▶ What you will do: Repeat precisely the span of lines below that opens with the line containing "Pre-trained language models" and closes with the line containing "diye tepki gösterdi.", both included.
START Given data
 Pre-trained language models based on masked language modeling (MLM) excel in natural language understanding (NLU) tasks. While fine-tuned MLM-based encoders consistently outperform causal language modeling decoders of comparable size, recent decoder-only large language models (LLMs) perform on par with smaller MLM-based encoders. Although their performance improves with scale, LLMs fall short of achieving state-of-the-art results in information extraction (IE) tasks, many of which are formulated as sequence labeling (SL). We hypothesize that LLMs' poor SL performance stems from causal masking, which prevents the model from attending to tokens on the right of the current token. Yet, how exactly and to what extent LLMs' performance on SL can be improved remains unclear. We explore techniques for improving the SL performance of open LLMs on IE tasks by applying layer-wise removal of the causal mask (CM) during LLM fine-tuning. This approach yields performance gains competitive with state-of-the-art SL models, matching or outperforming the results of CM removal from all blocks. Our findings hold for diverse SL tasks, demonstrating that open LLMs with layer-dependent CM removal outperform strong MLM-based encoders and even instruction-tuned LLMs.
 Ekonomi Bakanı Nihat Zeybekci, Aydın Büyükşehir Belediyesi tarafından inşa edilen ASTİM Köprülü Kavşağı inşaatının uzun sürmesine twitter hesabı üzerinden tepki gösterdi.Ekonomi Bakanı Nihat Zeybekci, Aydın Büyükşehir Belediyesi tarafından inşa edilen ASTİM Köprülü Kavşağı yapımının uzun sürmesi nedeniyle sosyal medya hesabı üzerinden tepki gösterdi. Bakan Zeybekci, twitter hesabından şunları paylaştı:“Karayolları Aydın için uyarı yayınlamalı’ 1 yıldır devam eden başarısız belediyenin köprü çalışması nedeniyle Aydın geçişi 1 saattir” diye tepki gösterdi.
END Given data
START Given data
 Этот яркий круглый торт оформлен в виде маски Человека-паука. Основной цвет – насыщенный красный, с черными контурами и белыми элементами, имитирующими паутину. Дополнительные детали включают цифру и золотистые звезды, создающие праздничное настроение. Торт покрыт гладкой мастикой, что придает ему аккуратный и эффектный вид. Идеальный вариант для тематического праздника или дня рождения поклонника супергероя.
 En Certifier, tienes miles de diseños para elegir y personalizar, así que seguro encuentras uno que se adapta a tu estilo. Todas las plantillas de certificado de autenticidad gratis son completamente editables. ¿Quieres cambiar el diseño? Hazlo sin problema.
END Given data
▶ Final answer:
 Pre-trained language models based on masked language modeling (MLM) excel in natural language understanding (NLU) tasks. While fine-tuned MLM-based encoders consistently outperform causal language modeling decoders of comparable size, recent decoder-only large language models (LLMs) perform on par with smaller MLM-based encoders. Although their performance improves with scale, LLMs fall short of achieving state-of-the-art results in information extraction (IE) tasks, many of which are formulated as sequence labeling (SL). We hypothesize that LLMs' poor SL performance stems from causal masking, which prevents the model from attending to tokens on the right of the current token. Yet, how exactly and to what extent LLMs' performance on SL can be improved remains unclear. We explore techniques for improving the SL performance of open LLMs on IE tasks by applying layer-wise removal of the causal mask (CM) during LLM fine-tuning. This approach yields performance gains competitive with state-of-the-art SL models, matching or outperforming the results of CM removal from all blocks. Our findings hold for diverse SL tasks, demonstrating that open LLMs with layer-dependent CM removal outperform strong MLM-based encoders and even instruction-tuned LLMs.
 Ekonomi Bakanı Nihat Zeybekci, Aydın Büyükşehir Belediyesi tarafından inşa edilen ASTİM Köprülü Kavşağı inşaatının uzun sürmesine twitter hesabı üzerinden tepki gösterdi.Ekonomi Bakanı Nihat Zeybekci, Aydın Büyükşehir Belediyesi tarafından inşa edilen ASTİM Köprülü Kavşağı yapımının uzun sürmesi nedeniyle sosyal medya hesabı üzerinden tepki gösterdi. Bakan Zeybekci, twitter hesabından şunları paylaştı:“Karayolları Aydın için uyarı yayınlamalı’ 1 yıldır devam eden başarısız belediyenin köprü çalışması nedeniyle Aydın geçişi 1 saattir” diye tepki gösterdi.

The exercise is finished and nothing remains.